C++ is a flexible programming language with a number of capabilities for object-oriented programming. We will study how to implement encapsulation in C++ in this tutorial.
Encapsulation is the term used to describe the packaging of data and information into a single unit. Encapsulation is described in Object Oriented Programming as the binding of data and the functions which manipulate it.
At a company, there are various divisions, such as the accounts division, the finance division, the sales division, etc. The finance department manages all financial transactions and maintains records of all financial data. Similarly to this, the sales division manages all actions linked to sales and keeps track of all sales. Now a circumstance could come up where a finance official requires all the sales information for a specific month for some reason. He is not permitted to view the sales section's data directly in this situation. To request specific information, he must first speak with another officer in the sales department. Encapsulation is what it is. Here, the data of the sales section and the people who can alter it are bundled under the term "sales section."
So, data abstraction is a method of exposing only the interfaces and shielding the user from the implementation details. Data encapsulation is a method of grouping the data and the functions that are using them.
Encapsulation and data hiding are supported by C++ by using classes, which are user-defined types. A class can have private, protected, as well as public members, as we have already studied. Every item defined in a class is private by default.
For example
class Box {
public:
double getVolume(void) {
return length * breadth * height;
}
private:
double length; // Length of the box
double breadth; // Breadth of the box
double height; // Height of the box
};
Explanation of the above code
Height, breadth, and length are private variables. This implies they can only be accessible by other Box class members and not by any other portion of your program. Encapsulation can be accomplished in this manner.
You must specify class components after the public keyword if you want them to be available to other parts of your program. Every other function in your application can access any variables or functions defined after the public specifier.
Making one class a buddy of another reveals implementation details and decreases encapsulation. The ideal situation is to keep as many of each class's details masked from all other classes as much as possible.
Data abstraction or hiding is also a result of encapsulation. Encapsulation will hide the data as well. In example 1, any other area cannot access any of the data from any of the sections, such as sales, finance, or accounts. Encapsulation in C++ can be implemented with the help of class and access modifiers.
Look at the program below:
#include<iostream>
using namespace std;
class Encapsulation
{
private:
// data is hidden mainly from the outside world
int x;
public:
// function to set the value of
// variable x
void set(int a)
{
x =a;
}
// function to return the value of
// variable x
int get()
{
return x;
}
};
// main function
int main()
{
Encapsulation obj;
obj.set(9);
cout<<obj.get();
return 0;
}
Output:
9
The variable x is set to private in the program above. This variable can only be accessed and modified using the class's get() as well as set() functions. Thus, the variable x and also the functions get() and set() are tied together in this case, which is nothing more than encapsulation.
There are mainly three different types of encapsulations:
Member Variable Encapsulation: All of the data members are designated as private in this sort of encapsulation.
Function Encapsulation: Some member functions are declared private under this form of encapsulation.

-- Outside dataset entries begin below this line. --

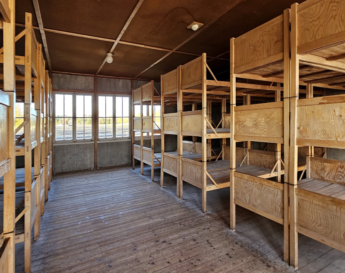 Jede der 30 Wohnbaracken bestand aus vier »Stuben« mit je einem Aufenthaltsraum und einem Schlafsaal, einem Wasch- und einem Toilettenraum für 52 Häftlinge. Bei der Überfüllung in den letzten Monaten pferchte man allerdings statt 208 Häftlingen pro Wohnbaracke bis zu 2000 zusammen.
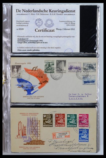 Complete collection of first day envelopes from the Netherlands 1950-2014, including E1 with certificate, E2, E3, E4, E5 etc. in 7 FDC albums. From E35 almost all unaddressed, catalogue value over 10,500 euros.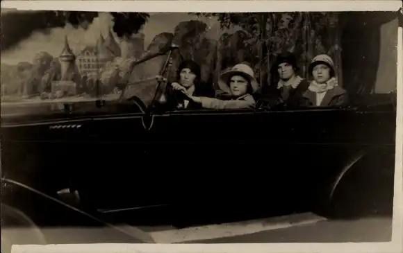 Foto Ak Frauen in einem Automobil in einem Fotostudio, 1931

Here the constructor will be public.
Class Encapsulation: All members of a class are declared private in this sort of encapsulation. This primarily takes place in nested classes.
As the titles indicate, all of the data variables or data members are made private in member variable encapsulation. In contrast, some of the functions in Function Encapsulation are declared private. Class Encapsulation declares the entire class as private.
Your ability to define data members as private will improve as a result of learning about encapsulation. We can protect our data from outsiders in this way. Although member functions can also use this technique, member variables are where it is most commonly used. Encapsulation can thus be used frequently in this manner.
| Data Abstraction | Encapsulation |
|---|---|
|
By putting forth a design, data abstraction resolves the issues. |
The proposed design is put into practice using encapsulation, which also fixes the issues. |
|
Data abstraction keeps code details hidden and only makes the user-required information visible |
A class is created by merging all of the data members, including variables and functions, through the use of encapsulation. |
|
The use of classes as well as objects in Abstraction improves the security of the code. |
Access specifiers are used in encapsulation to limit access to data from outside the world. |
|
Abstraction is used to hide the implementation. |
The data can be kept secret by using encapsulation. |
In this tutorial, we discussed encapsulation and its benefits using a practical example. We then discussed some actual encapsulation implementation examples.
With the aid of those examples, we were able to comprehend the idea of data hiding and how it differs from encapsulation. We also discussed the benefits of encapsulation and why it would be a good idea to include it in our codes.